3 improved formatting

As far as I know, the answer is no. We don't have an argument not based (directly or indirectly) on digonalization for even proving there is a language outside Dec (The set of Turing decidable languages).

Characterizing a class means having criteria for showing when a language is in the class and when a language is not. The second part would give us tools to prove lowerbounds on such classes.

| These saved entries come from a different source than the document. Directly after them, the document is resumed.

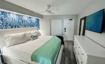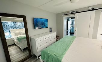 Bedroom: King bed, two nightstands with lamps, large dresser, floor length mirror, ceiling fan, and 42" smart TV with streaming services and cable. Larger guest closet (smaller closet is reatined for owner storage).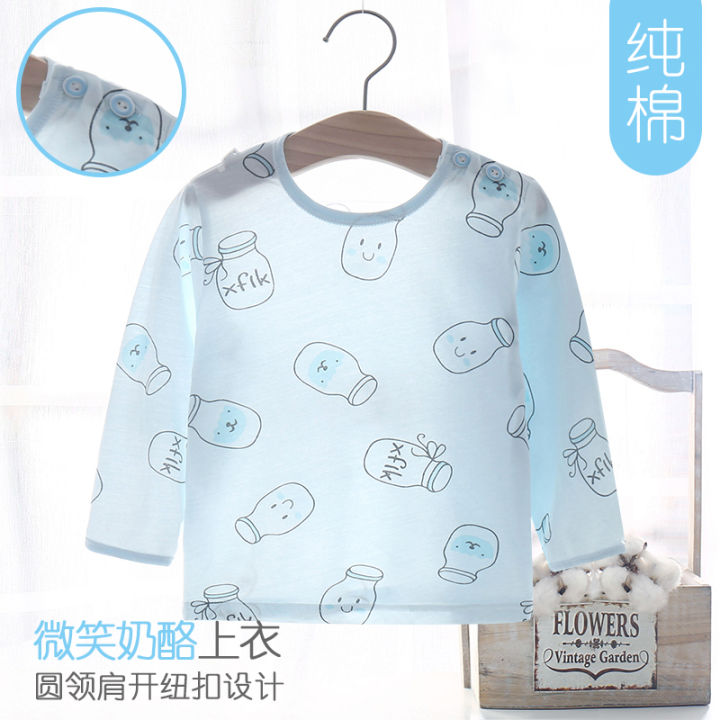 Baby pajamas baby summer ultra-thin cotton long-sleeved T-shirt top children's air-conditioning clothing boys and girls spring and autumn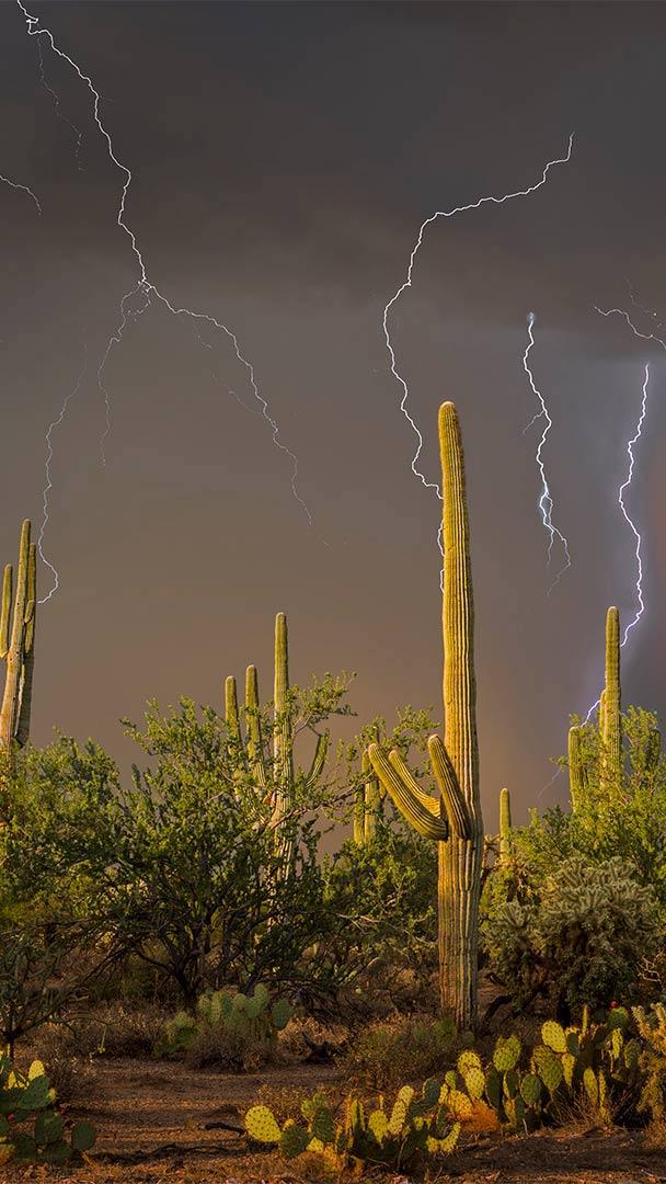图森北部托托利塔山麓上空的雷暴,亚利桑那州索诺拉沙漠

For very small classes like $AC^0$ and $AC^0[p]$ there are combinatorial arguments (also for monotone-$AC^0$ circuits), but the current state of knowledge is consistent with $AC^0[6] = NP$. The Razbarov-Rudich (RR) Natural Proofs theorem is related to why the previous combinatorial arguments haven't been successful in separating larger classes. In simple terms, there is no "natural proof" for separating the larger classes unless there is no pseudo-random number generators (many believe they do exists), and all previous proofs were natural. Tim Gowers wrote a number of interesting blog posts on the topic: http://gowers.wordpress.com/2009/09/22/a-conversation-about-complexity-lower-bounds/

The reason that we have pumping lemmas for $Reg$ (regular languages) and $CFL$ (context-free languages) is that the machine models for them are very specific which gives the strings accepted by them special combinatorial structure. For classes defined by Turing machines this is not the case. If a complexity class contains some basic functions (say $AC^0$) and is closed under composition, proving lowerbounds for it becomes a rather difficult task. Note that $Reg$ does not contain $AC^0$ (${0^n1^n: n \in \omega }$ is in $AC^0$ but not in $Reg$.)

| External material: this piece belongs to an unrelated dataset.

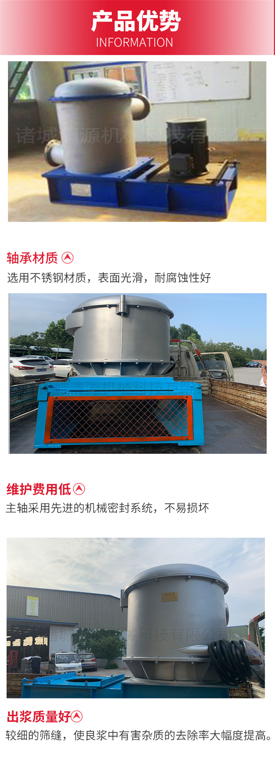 5、良漿質(zhì)量好:本機篩鼓選用厚不銹鋼板精工制造,可選用較細的篩縫,使良漿中的有害雜質(zhì)(如各種膠念物、云母、臘點、塑料膜等)的去除率大幅度提高。由于采用了較好的波紋形狀,雖然縫隙小,但產(chǎn)量不會受太大影響。

part 2. You are looking for a combinatorial property of sets of strings in a complexity class. The computational complexity of checking a property is a good measure. Any property stated in the first order logic (on a finite structure) is $AC^0$. The RR theorem applies to properties which are in $P$, i.e. can be checked in polynomial time given the truth table of the functions (characteristic functions of sets restricted to inputs of size n). Encoding Turing Machines (TM) is not difficult, and I think it can be done if one goes a little above $AC^0$, e.g. $TC^0$ is probably capable of checking if a string encodes a TM. You are looking for a property that holds for all functions in a class, but not for those outside it. The negation of it would be a property of the kind considered in RR's theorem. By these considerations, I think there are no properties of the kind you are looking for unless there are no PRNGs.
$AC^0$ is class of sets of strings accepted by (uniform) circuits of polynomial size and bounded depth, i.e. there is a constant $d$ and a polynomial $p(n)$ and a sequence of $\land$,$\lor$,$\lnot$ circuits ${C_n}_{n \in \omega}$ of using unbounded fan-in $\land$,$\lor$,$\lnot$ gates and of depth $d$ and size $p(n)$ that accepts them.